◆ **Dataset content**
┄┄┄┄┄┄┄┄┄┄

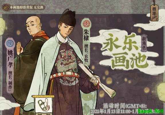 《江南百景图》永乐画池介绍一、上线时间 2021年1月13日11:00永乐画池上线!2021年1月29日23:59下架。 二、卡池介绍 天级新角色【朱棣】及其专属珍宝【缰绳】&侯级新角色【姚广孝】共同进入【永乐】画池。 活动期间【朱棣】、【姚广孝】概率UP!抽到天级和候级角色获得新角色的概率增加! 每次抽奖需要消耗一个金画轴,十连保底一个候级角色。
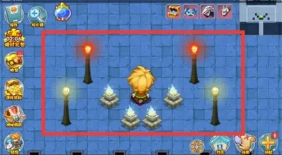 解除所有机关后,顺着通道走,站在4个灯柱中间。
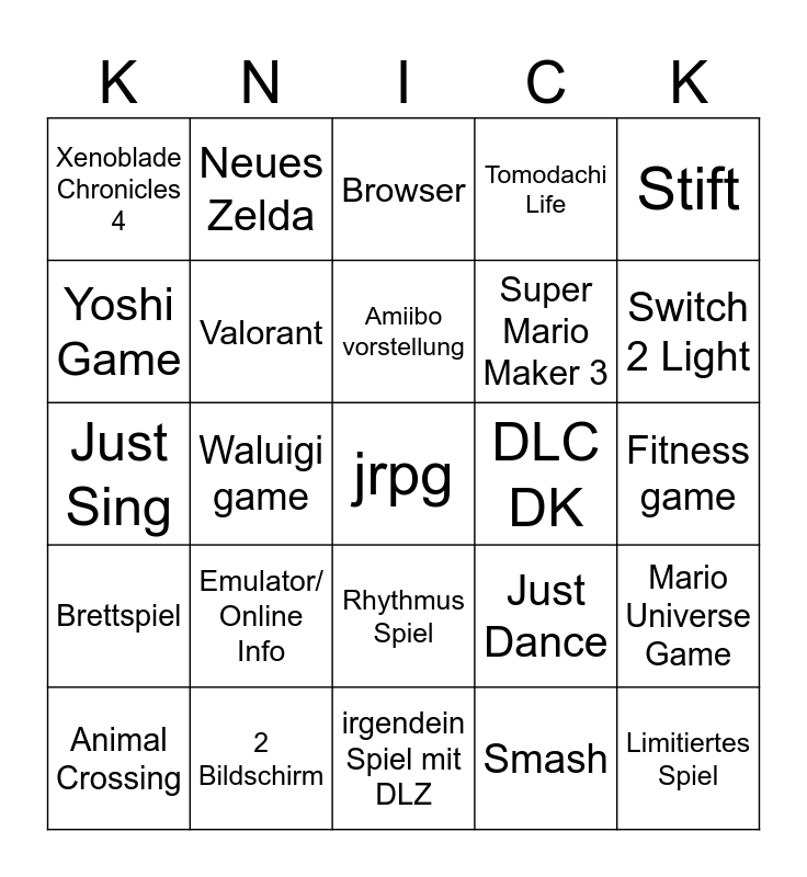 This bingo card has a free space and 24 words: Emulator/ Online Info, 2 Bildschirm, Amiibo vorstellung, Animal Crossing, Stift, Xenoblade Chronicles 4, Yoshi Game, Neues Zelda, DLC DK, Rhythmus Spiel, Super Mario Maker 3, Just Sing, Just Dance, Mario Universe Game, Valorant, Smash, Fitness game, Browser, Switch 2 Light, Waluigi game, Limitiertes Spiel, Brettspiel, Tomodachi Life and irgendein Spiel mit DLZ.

┄┄┄┄┄┄┄┄┄┄

◆ **What to produce**
The answer should contain only the lines from the one with "解除所有机关后,顺着通道走,站在4个灯柱中间。" through the last line of the material, given word for word and without pictures.

◆ **Task response**
 解除所有机关后,顺着通道走,站在4个灯柱中间。
 This bingo card has a free space and 24 words: Emulator/ Online Info, 2 Bildschirm, Amiibo vorstellung, Animal Crossing, Stift, Xenoblade Chronicles 4, Yoshi Game, Neues Zelda, DLC DK, Rhythmus Spiel, Super Mario Maker 3, Just Sing, Just Dance, Mario Universe Game, Valorant, Smash, Fitness game, Browser, Switch 2 Light, Waluigi game, Limitiertes Spiel, Brettspiel, Tomodachi Life and irgendein Spiel mit DLZ.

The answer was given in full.